#### [Problem details]
Please copy out all the data. Every detail stays the same.

#### [Entries shown]
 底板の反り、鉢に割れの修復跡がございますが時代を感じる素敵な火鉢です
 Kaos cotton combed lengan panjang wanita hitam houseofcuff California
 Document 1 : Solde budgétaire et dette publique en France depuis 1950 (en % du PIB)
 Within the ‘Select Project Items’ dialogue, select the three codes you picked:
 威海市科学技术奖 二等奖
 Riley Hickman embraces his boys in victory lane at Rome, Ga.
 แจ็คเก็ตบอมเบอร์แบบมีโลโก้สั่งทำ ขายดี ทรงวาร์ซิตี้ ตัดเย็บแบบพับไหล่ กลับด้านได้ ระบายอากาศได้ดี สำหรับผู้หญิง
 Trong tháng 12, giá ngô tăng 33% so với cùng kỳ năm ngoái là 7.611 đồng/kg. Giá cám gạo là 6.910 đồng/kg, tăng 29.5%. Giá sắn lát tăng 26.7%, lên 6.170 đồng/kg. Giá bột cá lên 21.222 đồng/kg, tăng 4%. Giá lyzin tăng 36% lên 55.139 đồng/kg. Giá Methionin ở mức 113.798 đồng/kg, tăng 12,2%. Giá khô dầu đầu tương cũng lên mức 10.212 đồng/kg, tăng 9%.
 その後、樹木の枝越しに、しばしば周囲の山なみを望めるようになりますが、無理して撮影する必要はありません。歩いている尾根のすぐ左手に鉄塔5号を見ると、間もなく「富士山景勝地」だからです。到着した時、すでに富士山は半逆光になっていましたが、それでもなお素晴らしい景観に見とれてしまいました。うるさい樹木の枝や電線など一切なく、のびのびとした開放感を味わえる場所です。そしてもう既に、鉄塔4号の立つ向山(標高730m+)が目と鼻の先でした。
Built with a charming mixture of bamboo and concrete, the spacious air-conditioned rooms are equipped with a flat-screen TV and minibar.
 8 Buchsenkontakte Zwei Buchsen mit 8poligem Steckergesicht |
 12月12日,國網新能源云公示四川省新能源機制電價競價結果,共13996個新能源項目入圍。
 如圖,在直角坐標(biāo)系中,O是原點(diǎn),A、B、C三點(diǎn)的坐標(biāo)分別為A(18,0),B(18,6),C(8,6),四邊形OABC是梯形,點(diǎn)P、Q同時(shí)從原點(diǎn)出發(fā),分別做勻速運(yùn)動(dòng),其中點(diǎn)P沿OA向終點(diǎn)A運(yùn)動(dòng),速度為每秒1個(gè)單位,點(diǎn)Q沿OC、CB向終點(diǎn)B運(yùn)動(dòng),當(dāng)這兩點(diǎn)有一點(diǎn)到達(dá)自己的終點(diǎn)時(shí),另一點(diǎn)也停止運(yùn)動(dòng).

#### [Finished exercise]
 底板の反り、鉢に割れの修復跡がございますが時代を感じる素敵な火鉢です
 Kaos cotton combed lengan panjang wanita hitam houseofcuff California
 Document 1 : Solde budgétaire et dette publique en France depuis 1950 (en % du PIB)
 Within the ‘Select Project Items’ dialogue, select the three codes you picked:
 威海市科学技术奖 二等奖
 Riley Hickman embraces his boys in victory lane at Rome, Ga.
 แจ็คเก็ตบอมเบอร์แบบมีโลโก้สั่งทำ ขายดี ทรงวาร์ซิตี้ ตัดเย็บแบบพับไหล่ กลับด้านได้ ระบายอากาศได้ดี สำหรับผู้หญิง
 Trong tháng 12, giá ngô tăng 33% so với cùng kỳ năm ngoái là 7.611 đồng/kg. Giá cám gạo là 6.910 đồng/kg, tăng 29.5%. Giá sắn lát tăng 26.7%, lên 6.170 đồng/kg. Giá bột cá lên 21.222 đồng/kg, tăng 4%. Giá lyzin tăng 36% lên 55.139 đồng/kg. Giá Methionin ở mức 113.798 đồng/kg, tăng 12,2%. Giá khô dầu đầu tương cũng lên mức 10.212 đồng/kg, tăng 9%.
 その後、樹木の枝越しに、しばしば周囲の山なみを望めるようになりますが、無理して撮影する必要はありません。歩いている尾根のすぐ左手に鉄塔5号を見ると、間もなく「富士山景勝地」だからです。到着した時、すでに富士山は半逆光になっていましたが、それでもなお素晴らしい景観に見とれてしまいました。うるさい樹木の枝や電線など一切なく、のびのびとした開放感を味わえる場所です。そしてもう既に、鉄塔4号の立つ向山(標高730m+)が目と鼻の先でした。
Built with a charming mixture of bamboo and concrete, the spacious air-conditioned rooms are equipped with a flat-screen TV and minibar.
 8 Buchsenkontakte Zwei Buchsen mit 8poligem Steckergesicht |
 12月12日,國網新能源云公示四川省新能源機制電價競價結果,共13996個新能源項目入圍。
 如圖,在直角坐標(biāo)系中,O是原點(diǎn),A、B、C三點(diǎn)的坐標(biāo)分別為A(18,0),B(18,6),C(8,6),四邊形OABC是梯形,點(diǎn)P、Q同時(shí)從原點(diǎn)出發(fā),分別做勻速運(yùn)動(dòng),其中點(diǎn)P沿OA向終點(diǎn)A運(yùn)動(dòng),速度為每秒1個(gè)單位,點(diǎn)Q沿OC、CB向終點(diǎn)B運(yùn)動(dòng),當(dāng)這兩點(diǎn)有一點(diǎn)到達(dá)自己的終點(diǎn)時(shí),另一點(diǎn)也停止運(yùn)動(dòng).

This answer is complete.